La réécriture des dialogues permet aussi d’évacuer les réflexions racistes à propos de Monostatos, dont la peau devient noire parce qu’il livre le charbon, comme une pirouette signalant les remarques disparues. Les références aux valeurs de fraternité et de sagesse qui irriguent aussi les dialogues du deuxième acte se réduisent maintenant à leur présence dans le texte chanté, devenant ainsi des leurres agités par les hommes de Sarastro, idéaux au nom desquels les personnages sont appelés à combattre.

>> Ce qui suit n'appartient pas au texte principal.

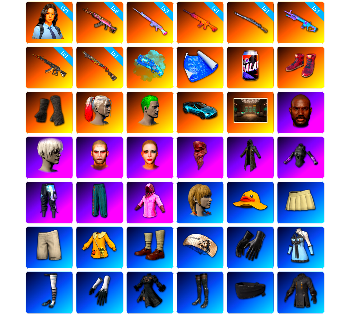 编号PZ2655皮肤:1级瀚娜 8级火麒麟 3级玩偶炮 1级南瓜M4 1级猛虎98k 1级魔咒之力Mk12 1级妖魔之触ACE 1级烈日灼烧-S1897 蓝色魔法迷雾-M79 张图纸 劲爆蓝莓 柏林鞋 黑绷带 小丑女 小丑男 马丁敞篷跑车 交易所接待室 黑鬼 9s发型 丑男妆容 丑女妆容 红面巾 黑大衣 发光手臂 竞猜裤 萨芬裤 粉战神 小黄鸭 尼尔 拉风龙 车漆 Number 小马尾 塞伯鲁斯 丸子头 发型21 西游记 发型56 发型77 发型41 青海摇 人型看板 火鸡帽子 朱芳芳手套 朱芳芳夹克 朱芳芳长裤 朱芳芳女仆裙 1级包 3级包 电波干扰背包 德拉贡诺夫 铁拳火箭筒 平底锅 PNC 2025 战术科技上衣 PNC 2025 全力出击长裤 PNC 2025 全力出击夹克 PNC 2025 战术科技长裤 战术女仆 PNC 2025 战术科技运动鞋 PNC 2025 全力出击运动鞋 日光下澈凉鞋 丝滑夏日凉鞋 漫步沙滩凉鞋 日光下澈丛林短裤 日光下澈热带短裤 丝滑夏日短裤(白色) 丝滑夏日短裤(橄榄绿) 日光下澈丛林上衣 日光下澈热带上衣 丝滑夏日上衣(白色) 丝滑夏日上衣(橄榄绿) 漫步沙滩连衣裙(棕色) 漫步沙滩连衣裙(蓝色) 哈莉·奎茵「老爸的小怪物」服饰 零度机能风 4周年纪念小队标签连帽卫衣 闪亮运动裤 紫色运动裤 鳄鱼大军泳裤 猎手猫短裙 猎手猫皮鞋 特工小兔长袖上衣 特工小兔长裤 钟楼魔女 小队队长 小队队长 银河系女孩 银河系女孩 慌乱女仆 棉花糖短裤 棉花糖鞋 恐龙乐园 恐龙乐园 柴犬帮 宝贝外面冷 宝贝外面冷 宝贝外面冷 宝贝外面冷 怨恨小姐 怨恨小姐 怨恨小姐 怨恨小姐 棉花蕾丝绒 棉花蕾丝连衣裙 上校的渔夫帽 上校的夹克 奶牛印花绑结式上衣(棕色) 奶牛印花绑结式上衣(黑色) 先驱战队 先驱战队 PGI.S 太阳之子电波干扰背包 泡吧达人 小恶魔纹身 蜘蛛纹身 开拓者墨镜 强袭者上衣 萨莉的长靴 萨莉3级头 小兔航天局 小兔航天局 小兔航天局 小兔航天局 小兔航天局 小兔航天局 探月者 小兔学院 绒毛小恶魔短裙 兔兔也朋克腿套 敏蒂的发箍 敏蒂的上衣 曼蒂的发箍 Magic Magic 曼迪2级包 曼迪3级包 悲喜 7周年快乐! 万圣节大奖 天际之眼 朱莉 流水线 均衡器 热恋中的 PNC 2025 全力出击 - 头盔(2级) 潜水教练 - 头盔(3级) B.Duck - 头盔(1级) B.Duck - 头盔(2级) B.Duck - 头盔(3级) 斗牛犬之怒 - 头盔(1级) 7周年快乐 - 头盔(1级) 狂人的摩托车 - 头盔(1级) Carbon Fiber Commando - Helmet (Level 2) Vikendi Varsity - Helmet (Level 2) 小狗耳朵 - 头盔(2级) 流光溢彩 得意门生 - 头盔(2级) 圣诞型男 - 头盔(3级) 8th Anniversary - Helmet (Level 3) 炼狱之角 锦鲤相伴 - 头盔(3级) “熊宝贝” - 头盔(3级) PNC 2025 全力出击背包(2级) PNC 2025 战术科技背包(3级) 来自乐园的问候背包(3级) 汪汪伙伴背包(1级) 柴犬帮背包(1级) 汪汪伙伴背包(2级) 春之野鹤背包(2级) PGI.S 紫色棱镜背包(3级) 7周年快乐背包(3级) 甜蜜梦境背包(3级) 汪汪伙伴背包(3级) 夏日远足背包(3级) PGC 2023 皇冠宝石背包(3级) 柯基帮背包(3级) 炼狱之角背包(2级) 废土拾荒者背包(3级) 上校的降落伞 Vikendi Varsity Parachute 踏浪而行降落伞 无重力降落伞 赛季31竞技降落伞 赛季28竞技降落伞 赛季30竞技降落伞 赛季29竞技降落伞 赛季25竞技降落伞 赛季27竞技降落伞 烈焰吐息降落伞 赛季26竞技降落伞 银兔猎手降落伞 赛季11竞技降落伞 3周年纪念降落伞 雪花 蒸汽之翼降落伞 妖魔横行降落伞 乐园的问候 36赛季 太阳之子降落伞 烤鸡节服饰套装 3 咖啡王制服套装 北极熊套装 灭世朋克套装 禁忌闪光套装 卡通袭击者套装 彩色标记套装 突围而出套装 生存者车手服饰套装 聚星女士套装 类星之王套装 LOS LEONES 客场队服套装 EL POZO 客场队服套装 LOS LEONES 主场队服套装 PCS3 服饰套装 皇室套装 肌肉套装 朱莉的夹克套装 狂人的连衣裤套装 马尔霍特拉的夜行套装 慵懒假日套装 美美的睡衣套装 维娜托套装 铁血警官套装 正统朋克套装 朋克摇滚套装 棕熊猎人套装 沙滩兄弟套装 PNC 2024 套装 1 晚秋-M416 无慈悲 - M416 4周年纪念光谱渐变 - M416 雪国风光 - M416 蟒蛇花园 - M416 [战场痕迹] 金色落叶 - M416 数码沙漠迷彩 - M416 [战场痕迹] 小兔巡逻队 - M416 PGC 2022 王牌登场 - Beryl M762 [战场痕迹] 黄金齿轮 - Beryl M762 [战场痕迹] 湮灭 - Beryl M762 鎏金王朝 - Beryl M762 [战场痕迹] 青花之力 - Beryl M762 橘子灰碳 - Beryl M762 魔女之力 - Beryl M762 精巧机械 - AKM 金色落叶 - AKM 鲜花之力 - AKM 标准猎手 - AKM 大理石宝藏 - AKM 钞能力 - AKM 奥丁的先锋 - AKM 竞速之道 - AKM 带刺之美 - AKM 金色续响 - AUG [战场痕迹] 进军亚特兰蒂斯 - AUG 别挡兔 - AUG 宝贝外面冷 - ACE32 分形碎片 - ACE32 [战场痕迹] PNC 2025 全力出击 - SCAR-L 疯狂收割者 - SCAR-L 三重彩 - SCAR-L 游猎之旅 - M16A4 银河卫士 - M16A4 [战场痕迹] 朱雀之灵 - M16A4 [BATTLESTAT] Abracadabra Automatic - QBZ 分形几何 - QBZ 鎏金王朝 - QBZ 袜中好礼 - QBZ 淡雅之力 - Mk47 Mutant 金色落叶 - Mk47 Mutant 灵魂枷锁 - Mk47 Mutant 这不是玩具 - Mk47 Mutant Blue Magic Blaster - G36C 分形几何 - G36C 无尽迷宫 - Groza [战场痕迹] 精致冥王 - Groza 镀金 - Groza 皇家舰队 - K2 淬火真金 - K2 无慈悲 - K2 [战场痕迹] 瓦尔哈拉 - SLR 水手 - SLR 彩虹之上 - SLR 卡拉金瑰宝 - SLR 魔力宝贝 - SLR 赛季35竞技黄金 - Lynx AMR [战场痕迹] PNC 2025 战术科技 - SKS [战场痕迹] 夺目寒光 - SKS 金色落叶 - SKS 奥丁的先锋 - SKS 分形几何 - SKS 数码丛林迷彩 - SKS 镀金 - SKS 死亡六进制 - Mini14 数码沙漠迷彩 - Mini14 热浪 - Mk12 幽灵之

Lydia Steier raconte son histoire au moyen d’une direction d’acteurs rigoureuse qui fait évoluer les personnages dans un beau décor (Katharina Schlipf) représentant une maison bourgeoise des années 1900. Il s’agit d’une structure à double révolution – le centre tournant sur lui-même est ceint d’une bordure se mouvant aussi – qui démultiplie les espaces, passant d’un classique étagement entre un « upstairs » bourgeois et un « downstairs » réservé à la domesticité, à un espace déstructuré où escaliers et portes ne mènent nulle part. Les évocations les plus fantaisistes, liées à Papagena, prennent la forme d’apparitions colorées, comme si des personnages étaient descendus des affiches adornant les murs de la chambre des enfants.
Hélas, le plateau vocal n’est pas au rendez-vous de cette convaincante et stimulante proposition. Mauro Peter, annoncé souffrant, est un Tamino élégant mais privé de ses moyens. La Reine de la Nuit de Brenda Rae manque de hargne et le rôle lui pose quelques difficultés, le Sarastro de Tareq Nazmi écrase ses graves et surjoue vocalement la méchanceté proposée par la mise en scène (pourquoi vociférer le deuxième couplet de « In diesen heil’gen Hallen » ?), le Papageno de Michael Nagl, certes sonore, se dispense du relief de la ligne vocale faite de gourmandise et de tendresse. Seule Regula Mühlemann se distingue en Pamina, belle voix ample et homogène, elle déploie de son timbre charnu une ligne de belle école. Fort sollicités, les trois garçons, Stanislas Koromyslov, Yvo Otelli et Raphael Andreas Chiang, s’acquittent fort bien de leur partie vocale et font preuve d’une belle maturité dans le jeu scénique. Enfin, pour autant qu’on puisse en juger, la prestation de Roland Koch en grand-père contribue largement à la réussite du propos de Lydia Steier.
Joana Mallwitz est au diapason de la mise en scène : toutes les ressources du théâtre sont exploitées, pour le plus grand bonheur d’un Orchestre philharmonique de Vienne à l’aise avec cette fougue, au risque de quelques approximations et de négliger un peu la tendresse et la sensibilité de la partition.